Your goal:
Copy the lines below exactly. No picture goes into the copy.

Supplied material:

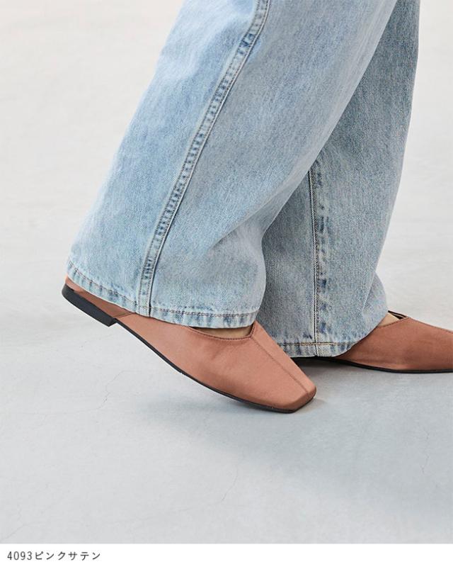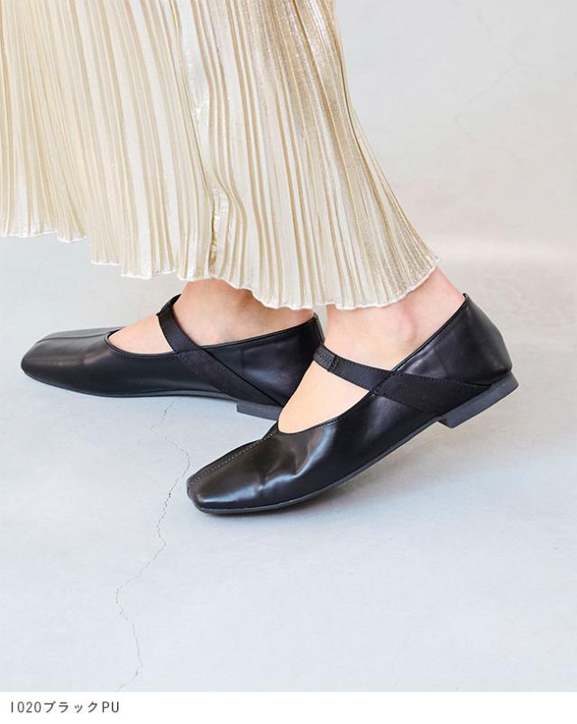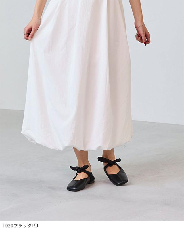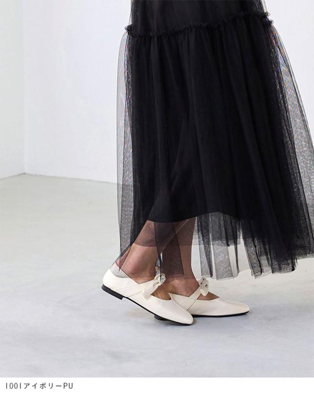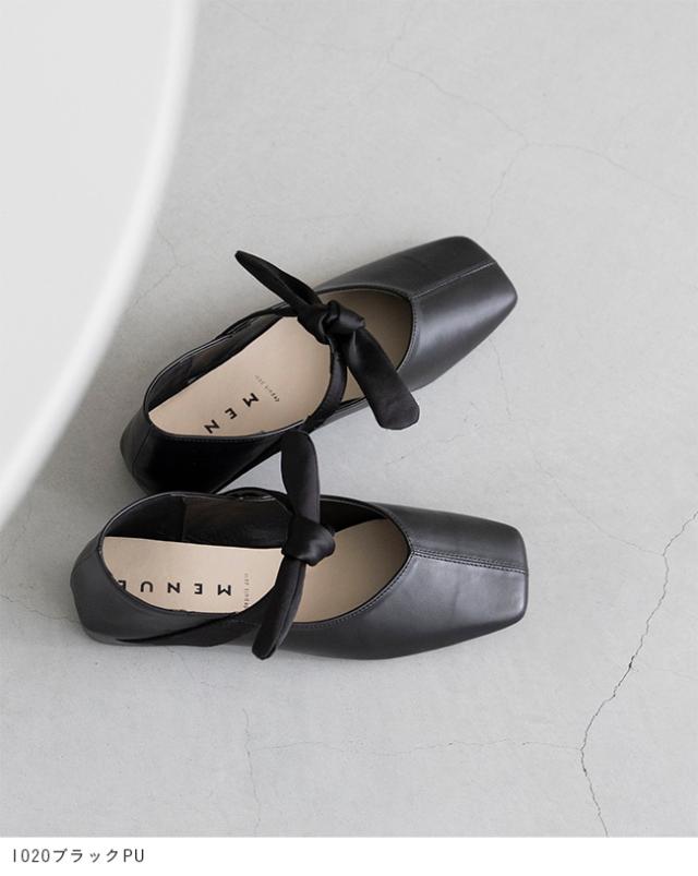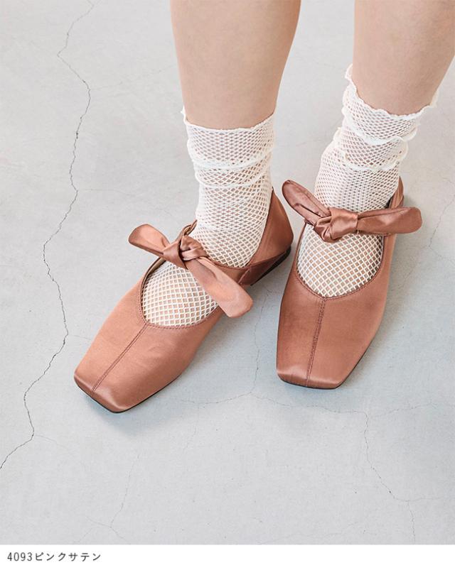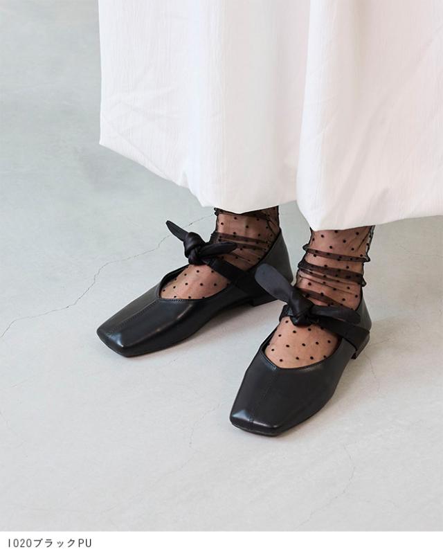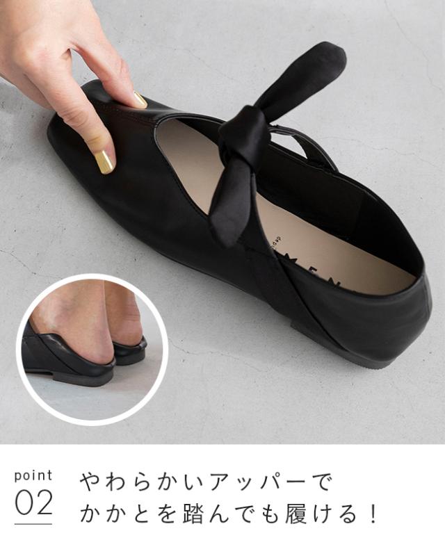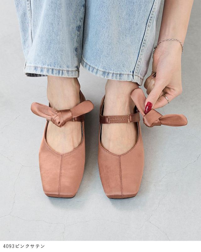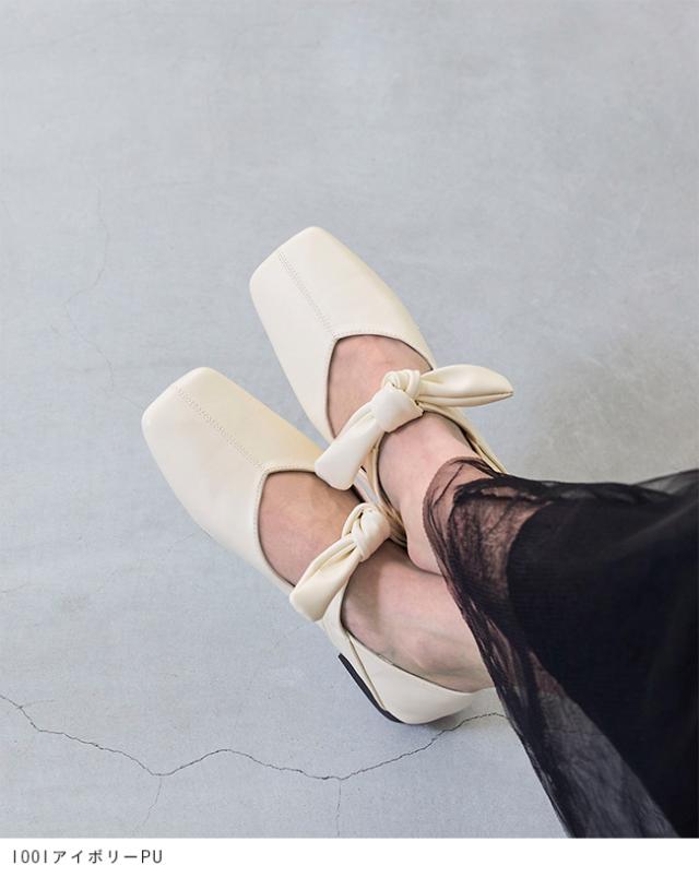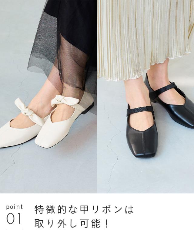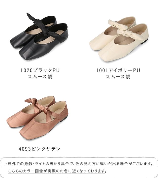 パンプス フラットシューズ 走れるパンプス レディース 歩きやすい スクエアトゥ リボン Vカット ストラップ 送料無料
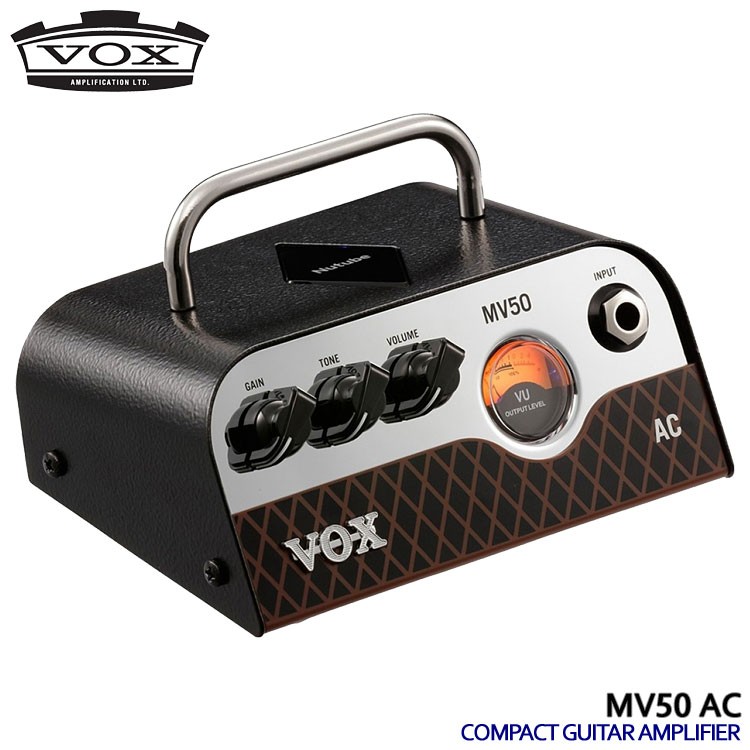 | VOXのコンパクトギターアンプヘッド「MV50」です。 わずか540gの片手でラクラク持ち運べる超コンパクトなヘッド・アンプ。一見、アクセサリーと見間違う程のコンパクトさ、インテリアとしても通用するデザイン性の高いルックスながら、このサイズにして最大50Wの出力を誇るモンスター級のサウンド・パワー。蛍光表示管技術を応用した新真空管「Nutube」をプリ・アンプに搭載し、パーツの細部に至るまで、完全アナログ仕様。真空管ギター・アンプの持つ素晴らしい動特性を再現しています。VOX伝統クランチ・サウンドが特徴の「AC」タイプです。 新真空管「Nutube」をプリ・アンプに搭載 2015年の発表以来、様々なメディアやイベントで取り上げられ、世界中のエンジニアやメーカーから注目を浴びる新真空管Nutube。コルグとノリタケ伊勢電子の共同開発により誕生した革新的とも言えるNutubeをプリ・アンプに搭載。小型化、低電圧、省電力と、まさにNutubeの特性を最大限に活かすことにより、このサイズ感のヘッド・アンプが実現。もちろん、豊かな倍音成分や音圧感といった真空管サウンドの特長は健在です。 - Nutubeとは - コルグとノリタケ伊勢電子の共同開発により誕生した新真空管。従来の真空管と同じく、アノード・グリッド・フィラメントの構造を持ち、完全な3極真空管として動作し、また従来の真空管と同様、真空管特有の豊かな倍音を生み出します。ノリタケ伊勢電子の蛍光表示管の技術を応用することにより、その構造を工夫し、従来の真空管と比べ、大幅な省電力化、小型化、品質向上に成功しました。 徹底的にアナログ仕様にこだわった設計思想 パーツの細部に至るまで、完全アナログ仕様。Nutubeをはじめ、すべての回路を膨大な数のアナログ素子で構築しています。さらに、動作点が常に変化する特別な回路を搭載することにより、真空管ギター・アンプの持つ素晴らしい動特性を再現しています。まさに半世紀以上もの間、ギタリストに支持されてきた本物のアナログ・サウンドがここにあります。 真空管アンプのダイナミズムまでも再現するパワー・アンプ部 低発熱で効率の良いクラスDパワー・アンプを搭載。これによりNutubeを核とした真空管サウンドの特性を損なうことなく増幅します。さらに、真空管パワー・アンプで見られる負荷変動特性までも再現。この回路は、ファットなドライブ感、繊細なピッキング・ニュアンス、素早いレスポンスなど、まさに真空管アンプのダイナミックさの要因ともいえます。この醍醐味が味わえる仕様を施しています。 キャビネット・サイズに応じて最適なサウンドが得られるEQスイッチ搭載 小型サイズのキャビネットの場合、低域が弱く、高域が強調される傾向があり、場合によってはチープな印象を受ける事があります。VOXの新キャビネット「BC108」をはじめ、小型サイズのキャビネットに接続する場合、EQスイッチのDEEPモードを選択すれば、低域を補正しつつ高域を抑えることが可能になります。また、12インチ・スピーカーを4発搭載しているような大型サイズのキャビネットに接続することも考慮し、EQスイッチにはFLATモードも用意。これにより「MV50」のポテンシャルを損なうことなく、スピーカー・キャビネットの特性を最大限に活かしたサウンドを得ることが可能です。 ライン・レコーディングで重宝するキャビネット・シミュレータ ライン/ヘッドフォン・アウトも搭載していますので、直接ミキサーやオーディオ・インターフェイスに接続でき、レコーディング用のアンプとしても活用できます。もちろん、空気感やキャビネットの特性をパーフェクトに再現するキャビネット・シミュレータ回路も搭載。本格的なレコーディング・スタジオで、高級マイクやビンテージ・マイク・プリアンプを通し、熟練のエンジニアよるマイキング技術も含めシミュレーションされていますので、瞬時に本格的なサウンドでレコーディングすることが可能です。
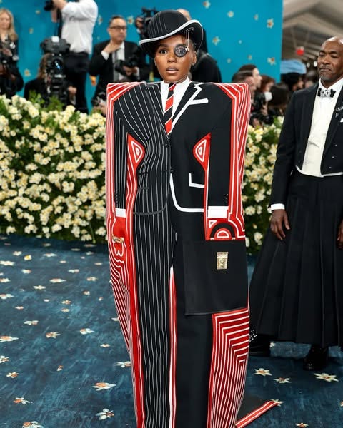 Janelle Monáe in custom Thom Browne. On the red carpet, Monáe gave a masterclass in Black dandyism. Her look, featuring sharp pointy shoulders and a print that could give anyone vertigo was a nod to 1930s tailoring and surrealism, in collaboration with Oscar winner Paul Tazewell and designer Thom Browne. Tazewell is first Black man to win best costume design at the Oscars for his work in Wicked.
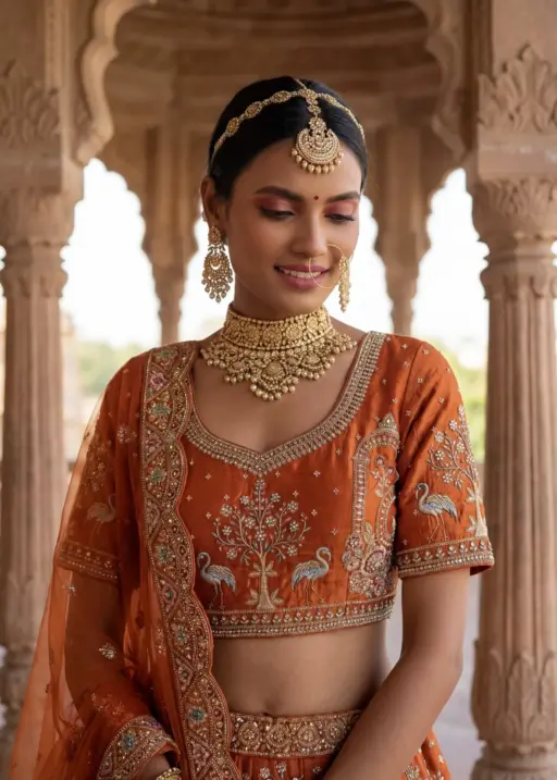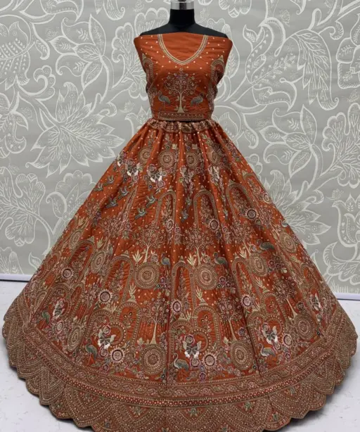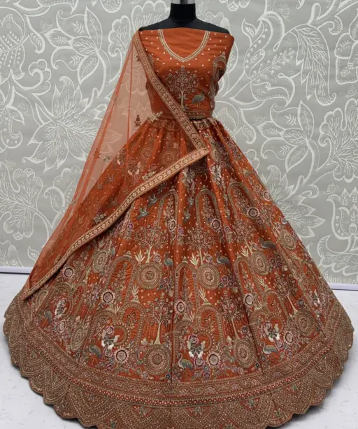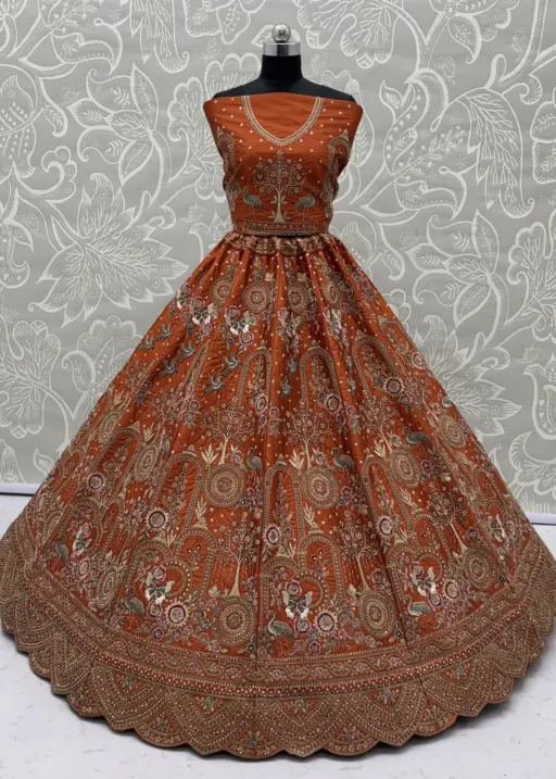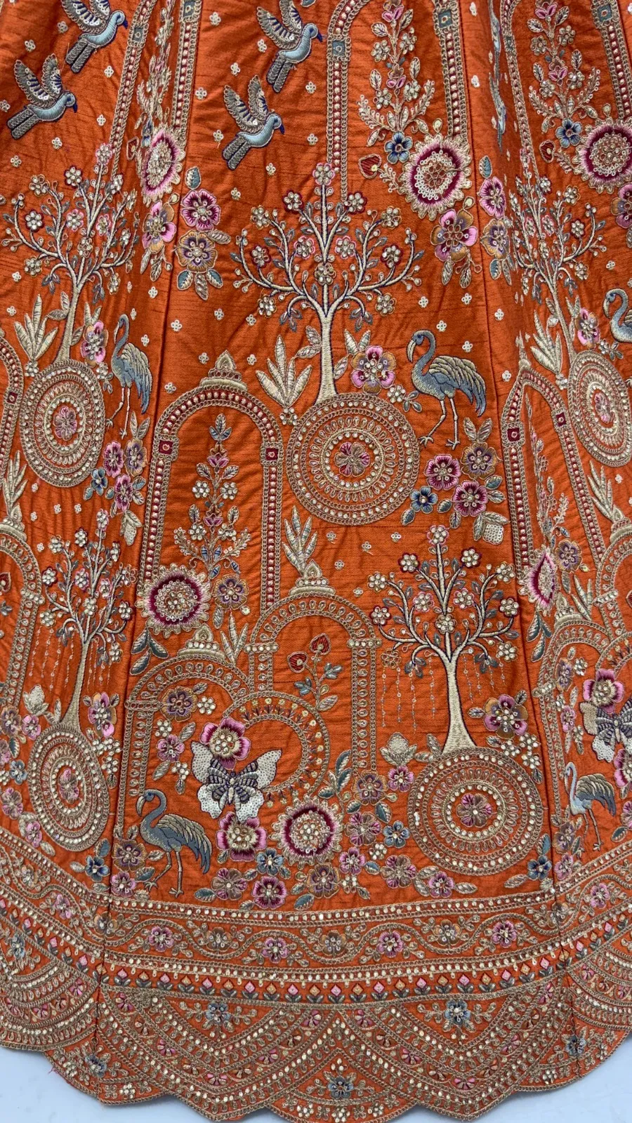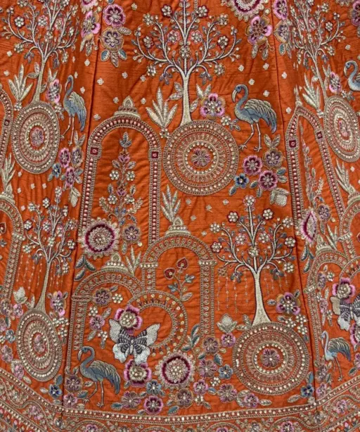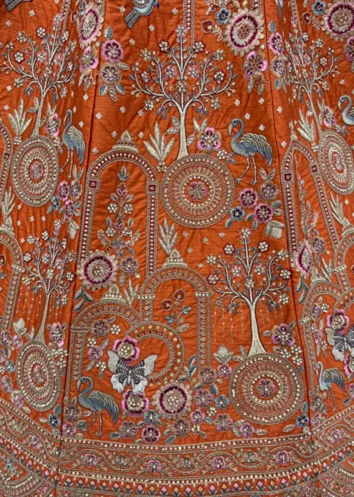 | Lehenga | Gadhwal Silk Golden Dori work, Elephant and Figure work Chappat Zari and Thread work Sequins as well Diamond work 4 meter Plus Flair |

Response to this task:
 パンプス フラットシューズ 走れるパンプス レディース 歩きやすい スクエアトゥ リボン Vカット ストラップ 送料無料
 | VOXのコンパクトギターアンプヘッド「MV50」です。 わずか540gの片手でラクラク持ち運べる超コンパクトなヘッド・アンプ。一見、アクセサリーと見間違う程のコンパクトさ、インテリアとしても通用するデザイン性の高いルックスながら、このサイズにして最大50Wの出力を誇るモンスター級のサウンド・パワー。蛍光表示管技術を応用した新真空管「Nutube」をプリ・アンプに搭載し、パーツの細部に至るまで、完全アナログ仕様。真空管ギター・アンプの持つ素晴らしい動特性を再現しています。VOX伝統クランチ・サウンドが特徴の「AC」タイプです。 新真空管「Nutube」をプリ・アンプに搭載 2015年の発表以来、様々なメディアやイベントで取り上げられ、世界中のエンジニアやメーカーから注目を浴びる新真空管Nutube。コルグとノリタケ伊勢電子の共同開発により誕生した革新的とも言えるNutubeをプリ・アンプに搭載。小型化、低電圧、省電力と、まさにNutubeの特性を最大限に活かすことにより、このサイズ感のヘッド・アンプが実現。もちろん、豊かな倍音成分や音圧感といった真空管サウンドの特長は健在です。 - Nutubeとは - コルグとノリタケ伊勢電子の共同開発により誕生した新真空管。従来の真空管と同じく、アノード・グリッド・フィラメントの構造を持ち、完全な3極真空管として動作し、また従来の真空管と同様、真空管特有の豊かな倍音を生み出します。ノリタケ伊勢電子の蛍光表示管の技術を応用することにより、その構造を工夫し、従来の真空管と比べ、大幅な省電力化、小型化、品質向上に成功しました。 徹底的にアナログ仕様にこだわった設計思想 パーツの細部に至るまで、完全アナログ仕様。Nutubeをはじめ、すべての回路を膨大な数のアナログ素子で構築しています。さらに、動作点が常に変化する特別な回路を搭載することにより、真空管ギター・アンプの持つ素晴らしい動特性を再現しています。まさに半世紀以上もの間、ギタリストに支持されてきた本物のアナログ・サウンドがここにあります。 真空管アンプのダイナミズムまでも再現するパワー・アンプ部 低発熱で効率の良いクラスDパワー・アンプを搭載。これによりNutubeを核とした真空管サウンドの特性を損なうことなく増幅します。さらに、真空管パワー・アンプで見られる負荷変動特性までも再現。この回路は、ファットなドライブ感、繊細なピッキング・ニュアンス、素早いレスポンスなど、まさに真空管アンプのダイナミックさの要因ともいえます。この醍醐味が味わえる仕様を施しています。 キャビネット・サイズに応じて最適なサウンドが得られるEQスイッチ搭載 小型サイズのキャビネットの場合、低域が弱く、高域が強調される傾向があり、場合によってはチープな印象を受ける事があります。VOXの新キャビネット「BC108」をはじめ、小型サイズのキャビネットに接続する場合、EQスイッチのDEEPモードを選択すれば、低域を補正しつつ高域を抑えることが可能になります。また、12インチ・スピーカーを4発搭載しているような大型サイズのキャビネットに接続することも考慮し、EQスイッチにはFLATモードも用意。これにより「MV50」のポテンシャルを損なうことなく、スピーカー・キャビネットの特性を最大限に活かしたサウンドを得ることが可能です。 ライン・レコーディングで重宝するキャビネット・シミュレータ ライン/ヘッドフォン・アウトも搭載していますので、直接ミキサーやオーディオ・インターフェイスに接続でき、レコーディング用のアンプとしても活用できます。もちろん、空気感やキャビネットの特性をパーフェクトに再現するキャビネット・シミュレータ回路も搭載。本格的なレコーディング・スタジオで、高級マイクやビンテージ・マイク・プリアンプを通し、熟練のエンジニアよるマイキング技術も含めシミュレーションされていますので、瞬時に本格的なサウンドでレコーディングすることが可能です。
 Janelle Monáe in custom Thom Browne. On the red carpet, Monáe gave a masterclass in Black dandyism. Her look, featuring sharp pointy shoulders and a print that could give anyone vertigo was a nod to 1930s tailoring and surrealism, in collaboration with Oscar winner Paul Tazewell and designer Thom Browne. Tazewell is first Black man to win best costume design at the Oscars for his work in Wicked.
 | Lehenga | Gadhwal Silk Golden Dori work, Elephant and Figure work Chappat Zari and Thread work Sequins as well Diamond work 4 meter Plus Flair |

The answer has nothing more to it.